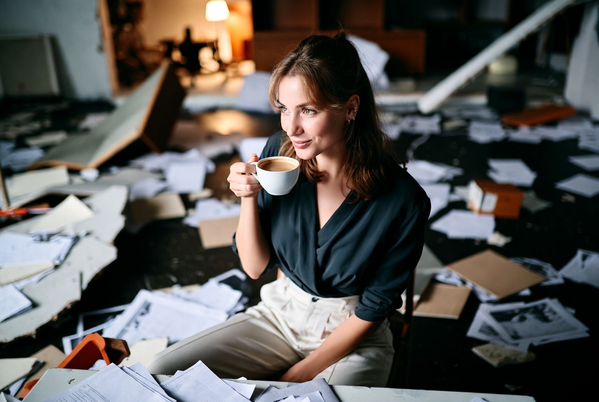 Woman drinking coffee amid scattered papers
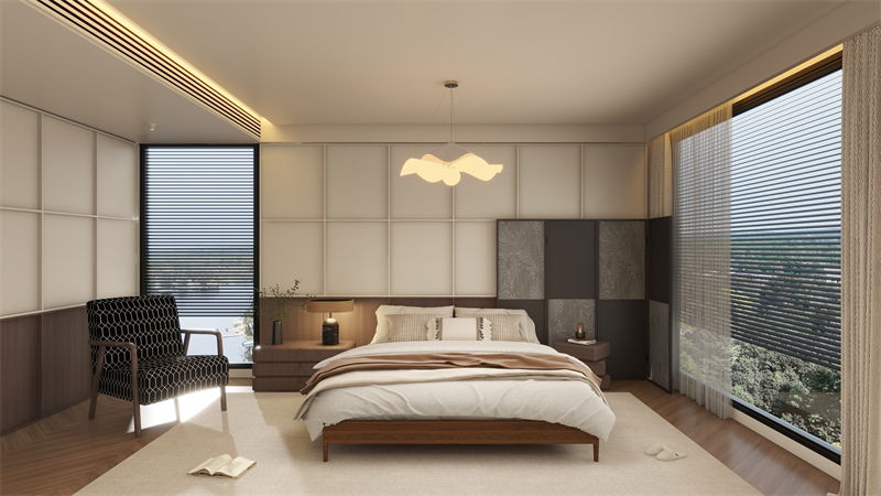 溫潤柔和的臥室空間,捕捉記憶與情感的詩意,陳述著過去與未來的情愫。床頭背景牆采用凹凸有致、細膩流暢的骨骼線與拚色護牆板,讓空間呈現多維立體的藝術美。落地窗讓陽光灑進來,整個空間都亮了起來,感覺走進了溫暖的夢境。
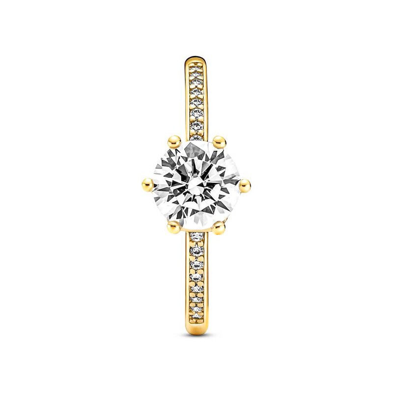 Couronnez vos moments les plus précieux avec cette somptueuse bague Pandora, dorée à l’or 585/1000e, conçue comme un véritable hommage à l’élégance royale. En son centre, un oxyde de zirconium incolore, taillé avec précision, est sublimé par un serti griffes façon couronne pour capturer la lumière avec éclat. L’anneau, lui aussi paré de pierres scintillantes, renforce la majesté de ce bijou digne d’une reine.
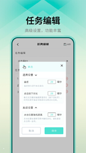 屏幕自动点击:帮助广大安卓用户解放双手,实现短时间内快手连续点击加速,轻松设置点击频率;一键录制,自动重复操作,轻松实现按键精灵的效果!

- Task objective -
Print all data above verbatim, except pictures.

- Reply -
 Woman drinking coffee amid scattered papers
 溫潤柔和的臥室空間,捕捉記憶與情感的詩意,陳述著過去與未來的情愫。床頭背景牆采用凹凸有致、細膩流暢的骨骼線與拚色護牆板,讓空間呈現多維立體的藝術美。落地窗讓陽光灑進來,整個空間都亮了起來,感覺走進了溫暖的夢境。
 Couronnez vos moments les plus précieux avec cette somptueuse bague Pandora, dorée à l’or 585/1000e, conçue comme un véritable hommage à l’élégance royale. En son centre, un oxyde de zirconium incolore, taillé avec précision, est sublimé par un serti griffes façon couronne pour capturer la lumière avec éclat. L’anneau, lui aussi paré de pierres scintillantes, renforce la majesté de ce bijou digne d’une reine.
 屏幕自动点击:帮助广大安卓用户解放双手,实现短时间内快手连续点击加速,轻松设置点击频率;一键录制,自动重复操作,轻松实现按键精灵的效果!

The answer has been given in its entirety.